*** Source information ***

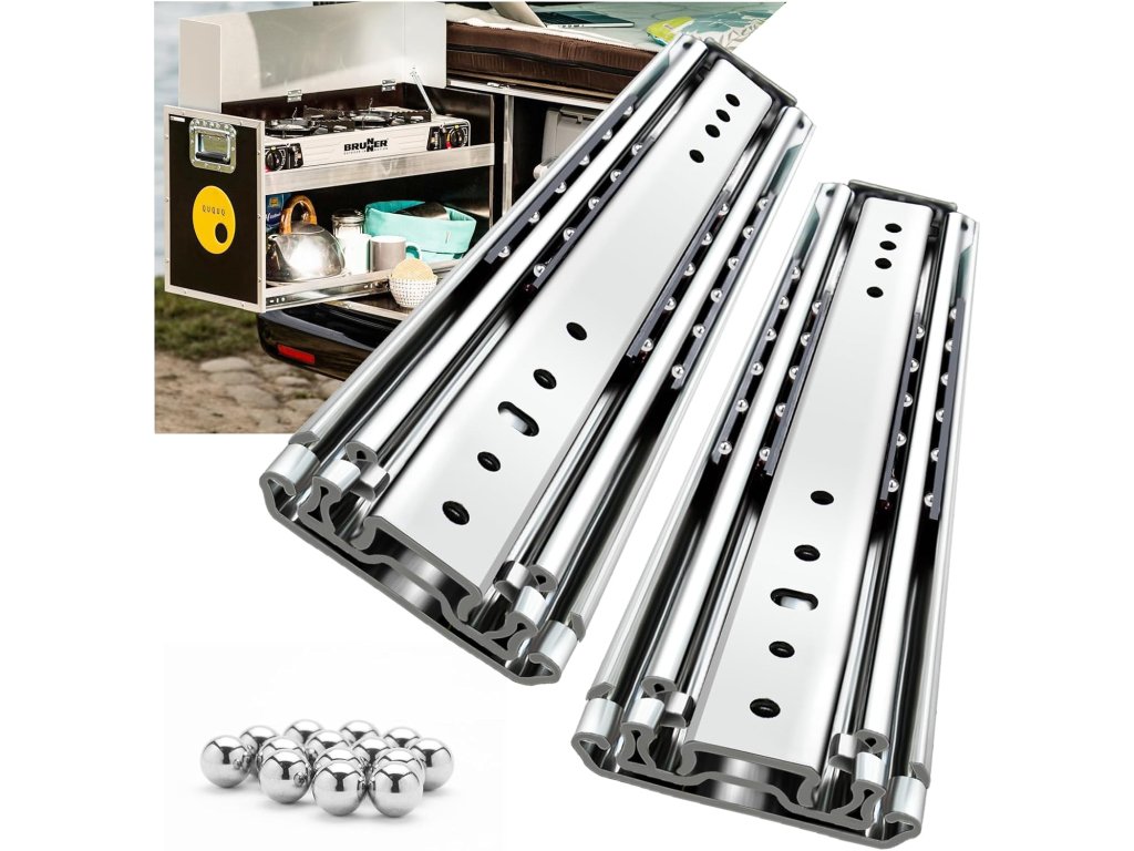 Výsuv je dimenzován na vysokou zátěž zásuvky, to až 100 Kg. Výsuv je dostupný v délce až 1 100 mm, jedná se o extrémně dlouhý plnovýsuv.
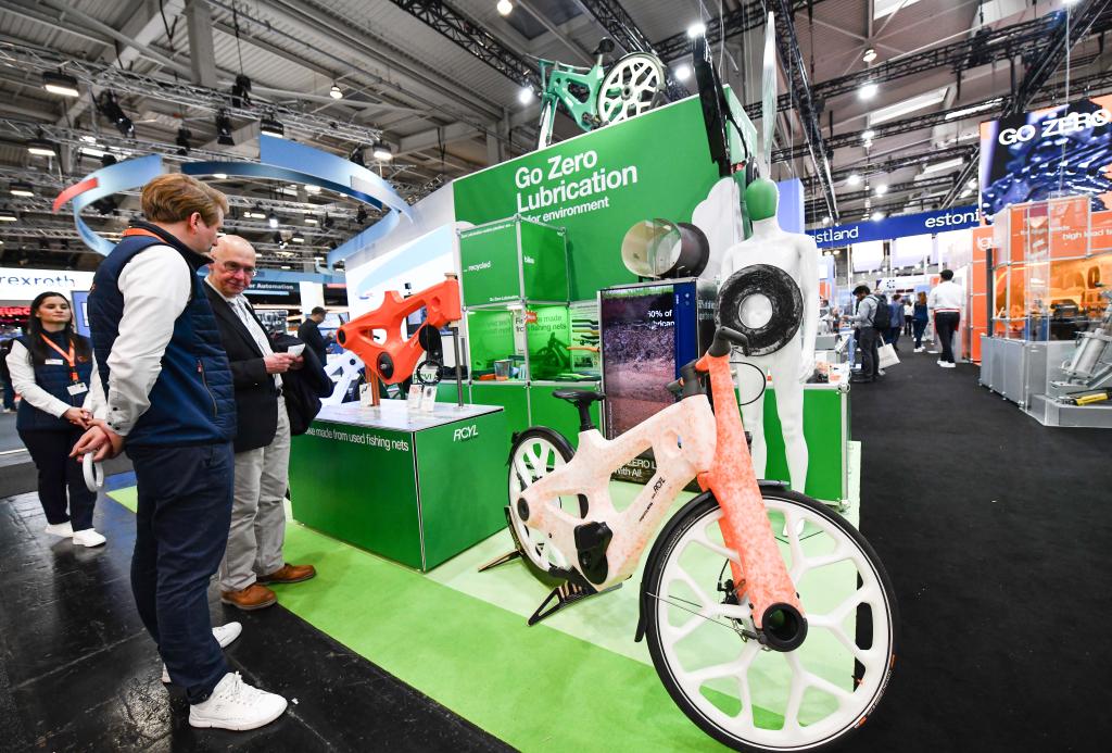 Des visiteurs observent un vélo en plastique recyclé à la Foire de Hanovre, à Hanovre, en Allemagne, le 22 avril 2024. (Xinhua/Ren Pengfei)
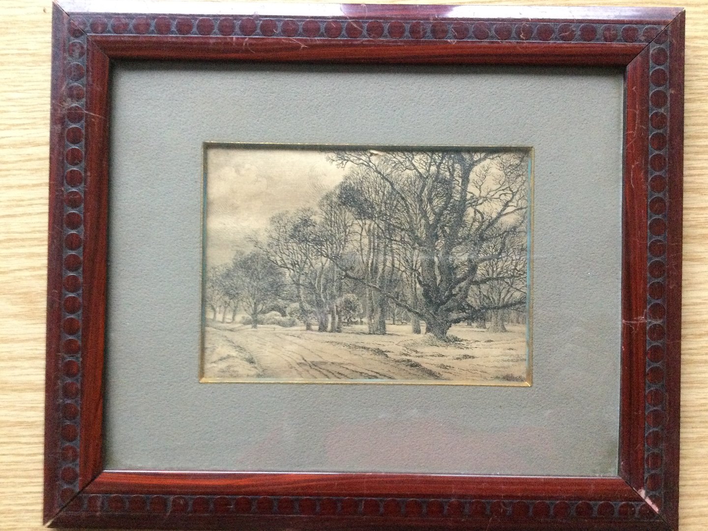 Radering fra DDRF af Vilhelm Kyhn - Skoven ved vinter 1866.
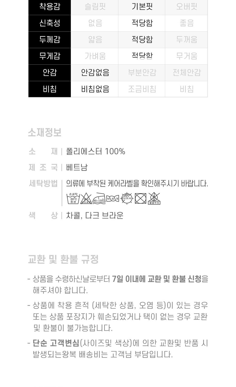 • 처음 배송된 상품상태와 다를 경우(세탁/착용 후 외출하신 경우) 반품이 불가합니다.
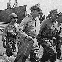 Full Citation: General Douglas MacArthur wades ashore during initial landings at Leyte, Philippine Islands; 10/1944; Records of the Office of the Chief Signal Officer, Record Group 111. [Online Version, https://docsteach.org/document/general-douglas-macarthur-wades-ashore-during-initial-landings-at-leyte-philippine-islands/, January 13, 2026]

***

### Your assignment
For this exercise, set down exactly the lines that run from the line holding "경우) 반품이 불가합니다." to the last line of the records above; include both end lines and omit pictures.

### Written solution
 • 처음 배송된 상품상태와 다를 경우(세탁/착용 후 외출하신 경우) 반품이 불가합니다.
 Full Citation: General Douglas MacArthur wades ashore during initial landings at Leyte, Philippine Islands; 10/1944; Records of the Office of the Chief Signal Officer, Record Group 111. [Online Version, https://docsteach.org/document/general-douglas-macarthur-wades-ashore-during-initial-landings-at-leyte-philippine-islands/, January 13, 2026]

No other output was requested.